1. Systems and Software Development 1.1 The Systems Life Cycle
1.1.6 Design: Approaches
Top-down or bottom-up? Modular decomposition is a top-down approach: consider the whole problem and break it into parts. Bottom-up approaches are not common: take many small modules and build them into a larger product (see what evolves...).
Advantages of modularity Debugging the program is easier – errors can usually be isolated to a particular module. Time saving – each module is worked on by a team, who can move to another module if they finish early or that team is struggling.
Advantages of modularity Easier to understand – managers can get an overview without having to know the details. More flexible – modules may be dropped if not working or old ones picked “off the shelf”. Specialisation – programmers become experts on certain modules.
How modular? Eventually modules could equate to classes or even methods. Eventually designers write pseudocode (informal provisional code) for each module.
Prototyping A prototype is a simplified version of a proposed solution for presentation to the end- user during the analysis or design phase. Not fully functional but allows for user feedback. Not necessarily using the same software e.g. could be a presentation.
Advantages of prototyping Helps end-user be more specific about what they actually need. Different versions of the prototype allow the designer and end-user to express a preference. Allows problems to be caught and changed earlier (i.e. cheaper and safer).

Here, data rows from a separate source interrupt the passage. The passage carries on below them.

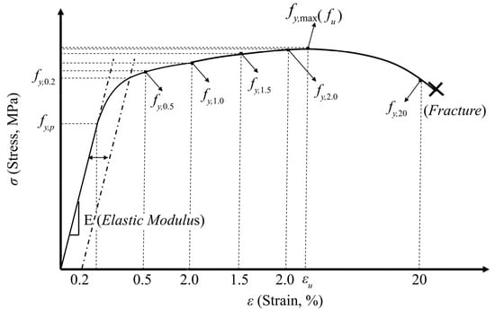 Most tests have reported that the mechanical properties are different from those of conventional carbon steels [24,25]. Moreover, the mechanical properties are mentioned in the MOP Sec.8.2.1.2, ASCE MOP 138 in terms of stress–strain relationships for structural steel at elevated temperatures [1]. It is mentioned that the most important mechanical properties of structural steel all decrease as the temperature increases. Nevertheless, it is not mentioned whether the types of structural steel are mild steel or high-strength steel.
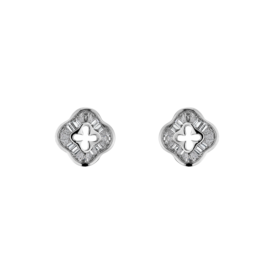 Earrings in 18ct white gold, decorated with purity of diamonds, are an expression of elegance and modern design. Their imaginative appearance and subtle shine are a symbol of endless beauty. The jewelry is part of the Glamour Edge collection.
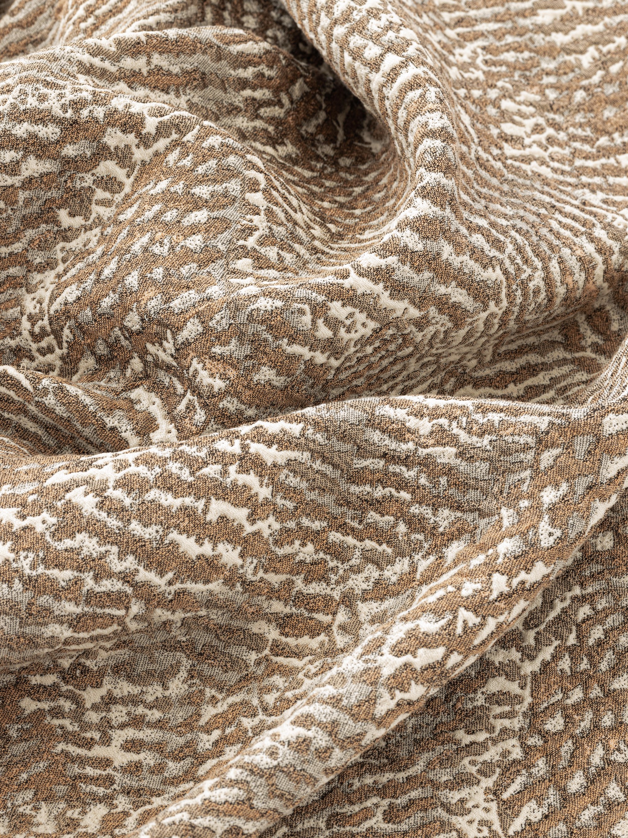 Zaki features a unified jacquard design incorporating geometric shapes with a touch of animal print. Zaki has a wonderful textured quality, a beautiful hand and an effortlessly elegant drape perfect for all window treatments, accessories and occasional upholstery.
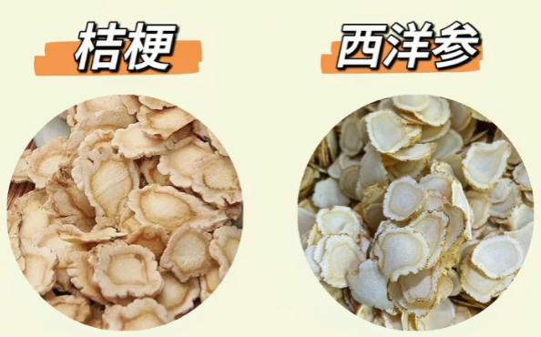 西洋参:呈棕黄色、中间有明显菊花纹理、味微苦有回甘、参味浓。
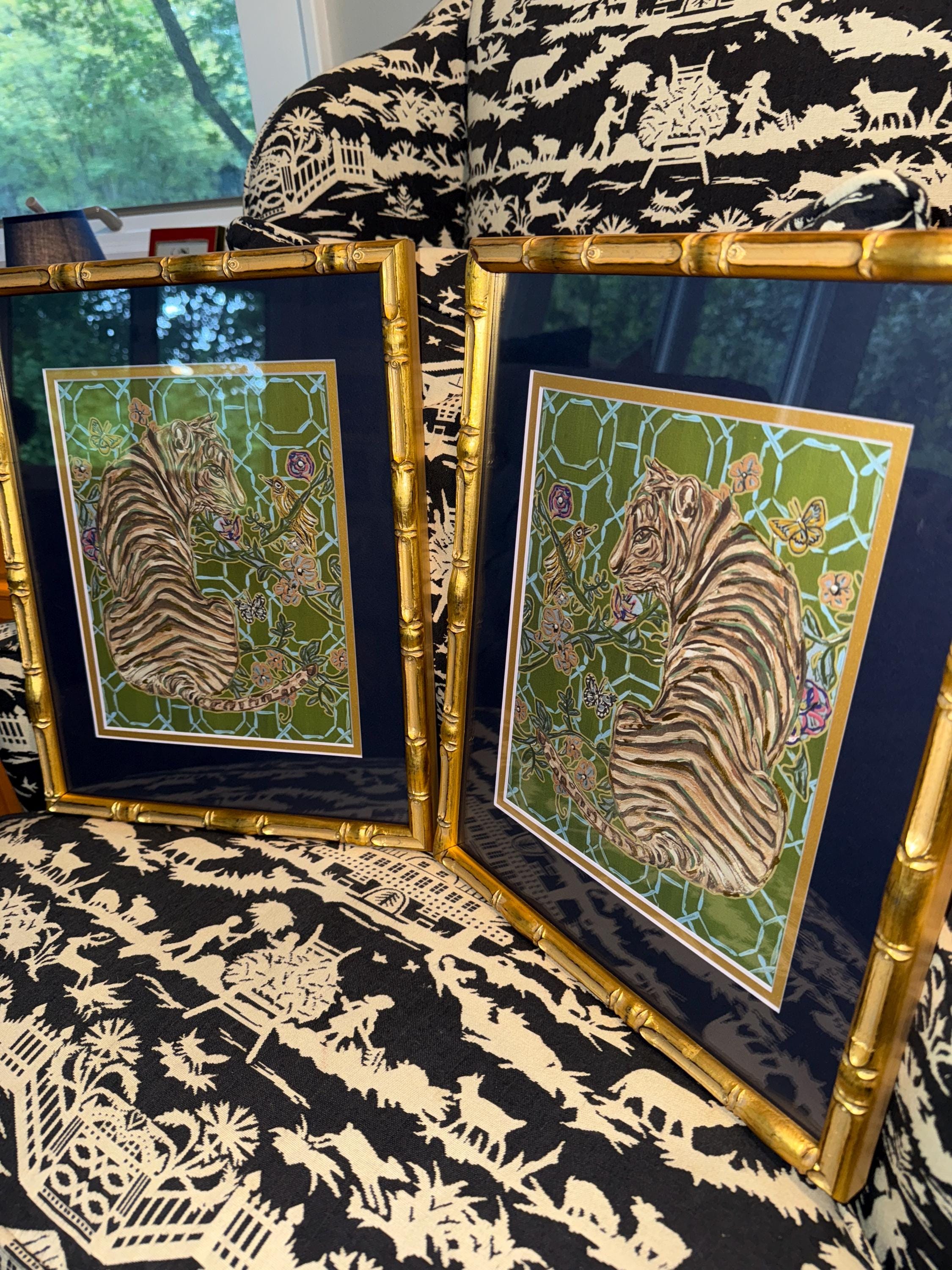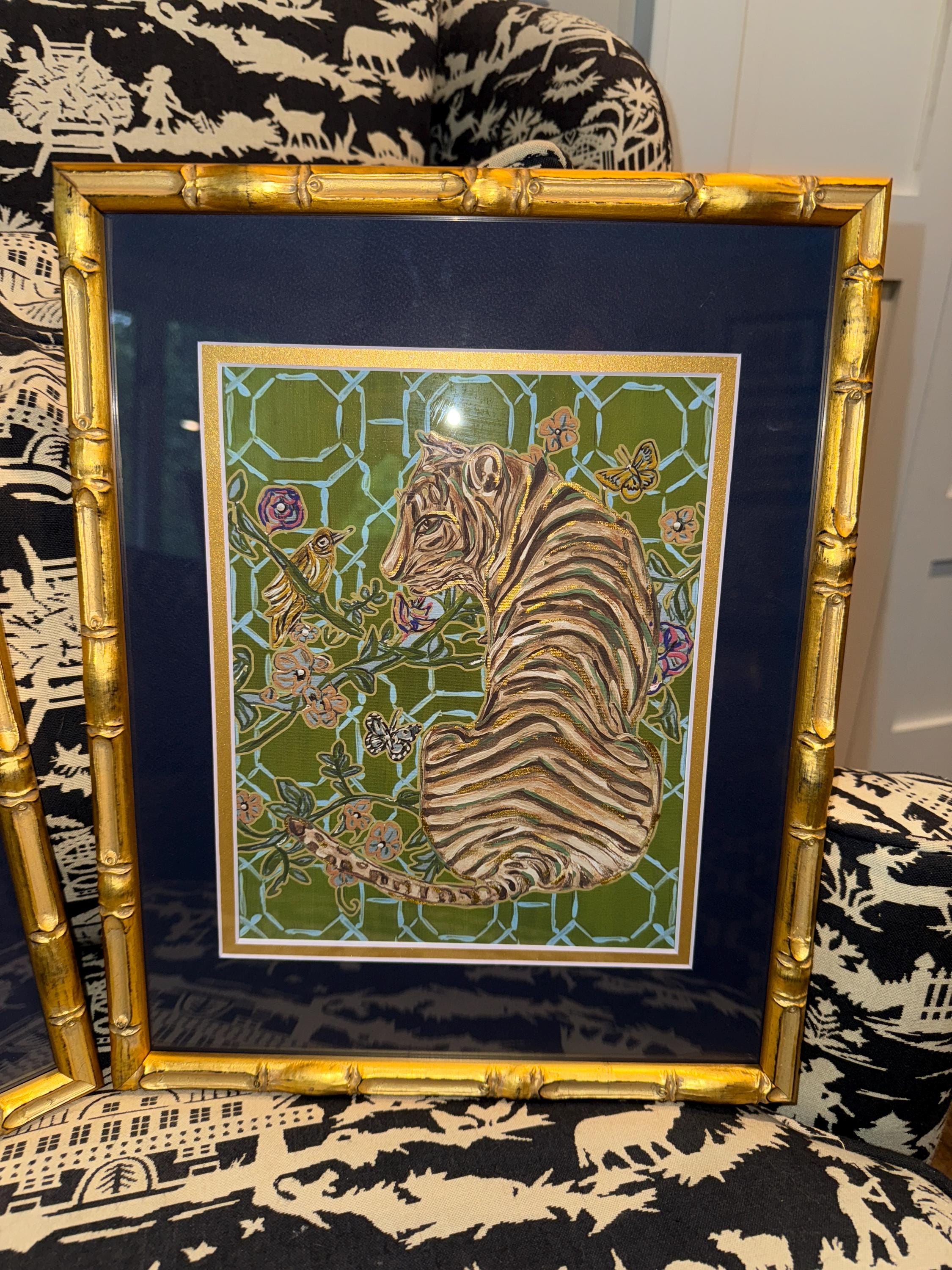 This listing is for the pair of fine art ‘Chinois Tigress’ prints on durable canvas paper double matted in navy and gold to 11x14 size; image size of 8x10 and then framed in these exquisite gold bamboo frames with glass fronts at 12x15. These come ready to hang with a single sawtooth hanger on each frame! I go back over each print with accents of 14k liquid gold paint (see video).

Solution efficiency Designs are chosen and prototypes tested not just for whether they work but also for efficiency: speed, reliability, memory use, processor use.
Efficiency: memory If records have fixed-length fields, it is possible to calculate how much space the data file needs. In Java, bytes use 1 byte (!), chars use 2, ints use 4, doubles use 8.
Efficiency: memory If the whole file is loaded into IAS, how much memory will be required? Can the whole project be stored on a memory stick? How long would it take to download? What are the ideal length for String variables (too short - truncates values, too long - overflows memory)?
Efficiency: processor Is this less important with today’s processors? Sorting is very processor-intensive. Look for efficient algorithm designs e.g. quicksort (HL) over bubble sort, if using bubble sort, use a flag to indicate no more passes are needed when the data are sorted.